At least one person has been arrested because of a patrol check initiated by the system, he said.
Police recently gave eight years of crime reports for residential burglaries, vehicle burglaries and vehicle thefts to an applied mathematics professor at Santa Clara University. The system essentially maps the time, location and recurrence of past crimes to help police predict crime and tailor their patrols.–Santa Cruz police have success with predictive policing
For this building snowmobiles post, I wanted to draw upon a new crime fighting technology and explore the idea of it’s possible uses. The idea here is to use predictive analysis, much like what retailers use for product research or what researchers use for earthquake prediction, and use it to predict where crime is most likely to happen to get resources to efficiently cover those areas via patrols.

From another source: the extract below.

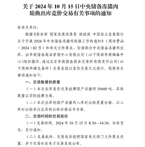 同日,華儲(chǔ)網(wǎng)還發(fā)布關(guān)于2024年10月16日中央儲(chǔ)備凍豬肉輪換收儲(chǔ)競(jìng)價(jià)交易有關(guān)事項(xiàng)的通知。根據(jù)通知,本次收儲(chǔ)掛牌競(jìng)價(jià)交易19600噸,與出庫(kù)數(shù)量相同。

So the question I ask is if this actually works for crime, then why not apply it to warfighting? And especially COIN and today’s conflicts, where the war is long and there is time to collect statistics of attacks and instances that would be needed to build such a model? Or how about for anti-piracy or for the drug war down in Mexico? The key is if you have statics over the course of several years, then a model could be made. And if war planners are wanting to use their resources more efficiently because they have less forces to use, or the host nation is limited in resources, then predictive warfighting might help with the more efficient use of manpower on the battlefield.

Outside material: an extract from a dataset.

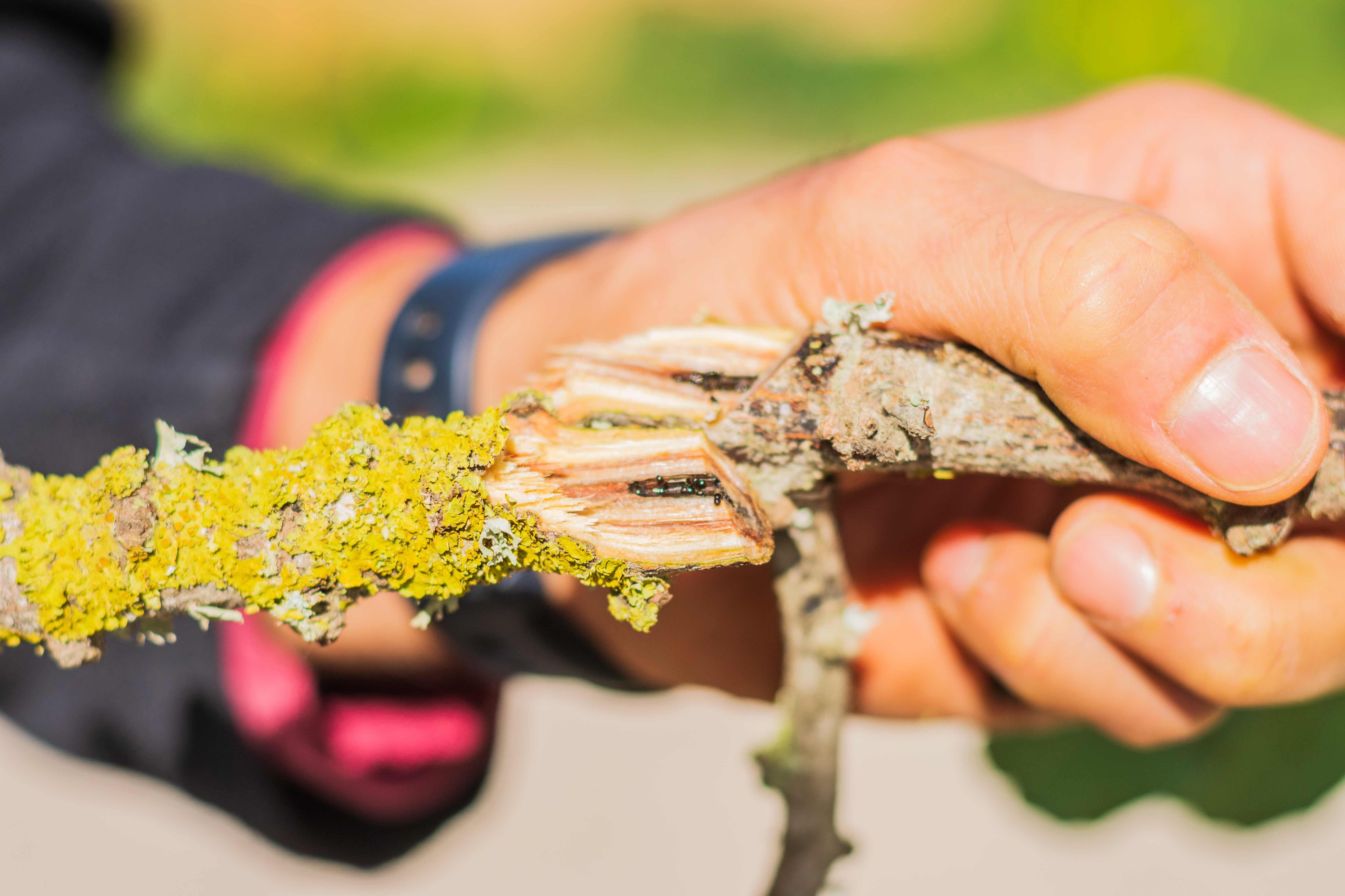 | Branca amb galeria entapissada per fongsi larves de XylosandrusFotografia: Camparini i Leza |

If anything, much like with policing, it will be the guy on the ground who patrols their areas daily that will have the intuition of where to go and how best to cover their AO’s. But what about units that cycle in and out of the battlefields? Where is their intuition coming from if they have never been to that AO? So predictive analysis might help in the transition periods and help build that intuition of the new forces. This predictive analysis will also make it easier to make judgements about setting up patrols. You could combine human intuition/experience/orientation with this predictive analysis, and make a better plan of operations.
Predictive policing also helps the COIN forces by efficiently guiding the local police forces to areas they need to be. With places like Afghanistan, you might have officers who do not want to go in certain areas or dwell more in certain areas than they should, or are not trained enough to recognize patterns, or they come from other parts of the country. They too could benefit from this predictive analysis to further reinforce their intuition. But it could also help determine if that police force is working efficiently.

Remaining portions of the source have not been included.